Media-Whore D'Oeuvres


"Cairo on the morning of January 25 felt like something of a ghost town. Few civilians were to be found on the streets, most stores were shuttered, and the typically heaving downtown was deserted. It was a national holiday, and in the central town square, named Tahrir, or Liberation, even cars were scarce, and parking spaces—always sparse—were in abundance. The only conspicuous presence was that of Egypt’s police and state security. Rows of their box-shaped olive-green trucks lined thoroughfares and narrow side-streets, in some cases blocking them off for miles. Beside them were battered cobalt blue trucks—the ones used to whisk away prisoners and detainees. Throughout the downtown area and in neighboring districts, police and informants (easily identified by their loitering presence, darting eyes, and frequent two-second phone calls) were gathered around the otherwise empty major arteries of the city. Hundreds of them. Many wore black cargo pants, bush jackets and clunky army boots. Many more were in plain clothes—standing on street corners, at calculated intervals on sidewalks, in building entrances, on bridges, and in the few cafes open on a day when almost everything was closed ... We stayed for a few minutes, watching the crowd gathering, spotting CNN’s Ben Wedeman and an entourage of foreign press. But tweets and text messages were coming through about escalating tensions in Shubra—a working class district in the center of the city known as a stronghold of the Coptic Christian community. The neighborhood was still reeling from the New Year’s eve attack on a church in Alexandria, to which it had close ties. My friend called another friend, Mohamed Waked, an anthropologist and seasoned activist. He would join us, along with his brother, Amr, an actor who appeared in the film Syriana." (NYRB)



"Adam Dell has gone to court to fight Padma Lakshmi for custody of their 11- month-old baby, Krishna, with sources claiming he now gets just seven hours with his daughter a week. Dell, 41, brother of billionaire Dell Inc. founder Michael Dell, last night filed a suit in Manhattan Supreme Court asking for full custody of Krishna, born last Feb. 20. Venture capitalist Dell is frustrated the 'Top Chef' host, 40, has allegedly failed to respond to his pleas for more time with Krishna. His lawyer, Bill Zabel, confirmed the filing and told us in a statement: 'Adam Dell, above all else, wants to have an active and substantial role in the upbringing of his daughter with Padma Lakshmi. Unfortunately, Ms. Lakshmi has severely limited his time with their daughter and has refused to negotiate a reasonable co-parenting agreement. Mr. Dell has tried his best to avoid going to court, but Ms. Lakshmi has given him no other choice at this time.'" (PageSix)


"On July 17, 2009, the American Ambassador in Tunisia, Robert F. Godec, dined at the beachfront mansion of Mohamed Sakher El Materi, a member of the country’s ruling family. The home displayed Roman columns, frescoes, and a stone lion’s head spouting water into an infinity pool. A live caged tiger on the grounds 'consumes four chickens a day,' Godec noted, in a secret cable to Washington. His host’s pet reminded him 'of Uday Hussein’s lion cage in Baghdad.' WikiLeaks published Godec’s report early last December, alongside other acid accounts from the U.S. Embassy about the abuse of power in the court of President Zine el-Abidine Ben Ali, the leader of Tunisia for more than two decades. 'Whether it’s cash, services, land, property, or yes, even your yacht, President Ben Ali’s family is rumored to covet it and reportedly gets what it wants,' Godec wrote. 'Corruption . . . is the problem everyone knows about, but no one can publicly acknowledge.'" (The NewYorker)

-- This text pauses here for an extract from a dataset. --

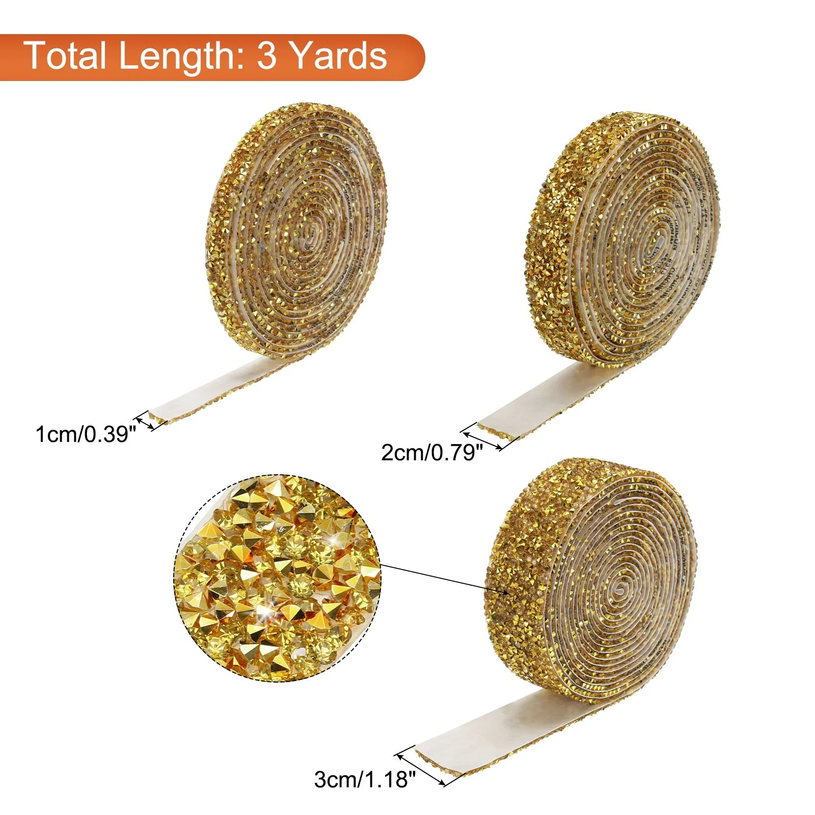 3 Roll 9 Yards Self Adhesive Crystal Rhinestone Diamond Ribbon

"With the release of Mark Wahlberg's The Fighter, a little redheaded boxer from Lowell, Massachusetts, named Micky Ward has returned from the backs of our minds, has surfaced out of our memory banks. Back in 2004, I played exactly three holes of golf with Ward and Arturo Gatti, the two lionhearts having become great friends and golfing buddies after their trilogy of epic, brutal fights, culminating with a punishing ten-rounder that retired Ward on June 7, 2003. The night before our golf date, we'd gone out for dinner at an Italian restaurant in Vero Beach, Florida, where Gatti had set up his latest fight camp. Ward had flown in for a visit. They were great company, funny and profane and monstrous. They shoveled back pasta and laughed while they catalogued the scars they had given each other. 'I call it my Micky Ward lump,' Gatti said, lifting his shirt to reveal the knot of tissue just under his rib cage that was a souvenir from his first fight with Ward. There aren't many men who can punch another man hard enough to make a cyst." (Esquire)

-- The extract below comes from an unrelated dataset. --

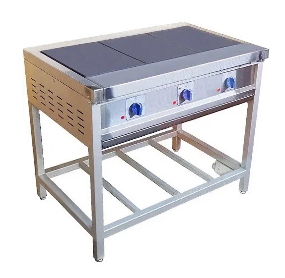 Питание: 380\; Мощность, кВт: 6,6\; Установка: на подставке\; Количество конфорок: 3\; Конфорка: чугун\; T max конфорки, °C: 450\; Габаритные размеры, мм: 990х665х850\;

"Alex Salmond, Scotland’s first minister, did not take kindly to Vanity Fair’s report yesterday that he allegedly tried to link the release of the convicted Lockerbie bomber Abdel Basset Ali al-Megrahi with an end to former prisoners in Scottish jails being able to sue his government for damages because they had been forced to 'slop out'—to use buckets in their cells instead of toilets. These lawsuits—which the U.K. government did indeed agree to limit some months after Mr. Salmond spoke to U.K. justice secretary Jack Straw—had already cost many millions of pounds. American reaction was more supportive. Senator Robert Menendez (D-NJ), who last year led an investigation by the Senate Foreign Relations Committee into al-Megrahi’s release, called the Vanity Fair article a 'blockbuster,' adding: 'The Scottish government’s repeated denials, even when confronted by specific and compelling evidence, get more ludicrous by the day. It is time that they and the other governments involved adopt the recommendations laid out in our Senate report, launch independent investigations into the matter and put the wheels in motion to return al-Megrahi to prison.' Our reporting about the slopping-out linkage was derived from interviews with a senior U.K. official who had direct knowledge of phone conversations between Messrs. Straw and Salmond." (Vanity Fair)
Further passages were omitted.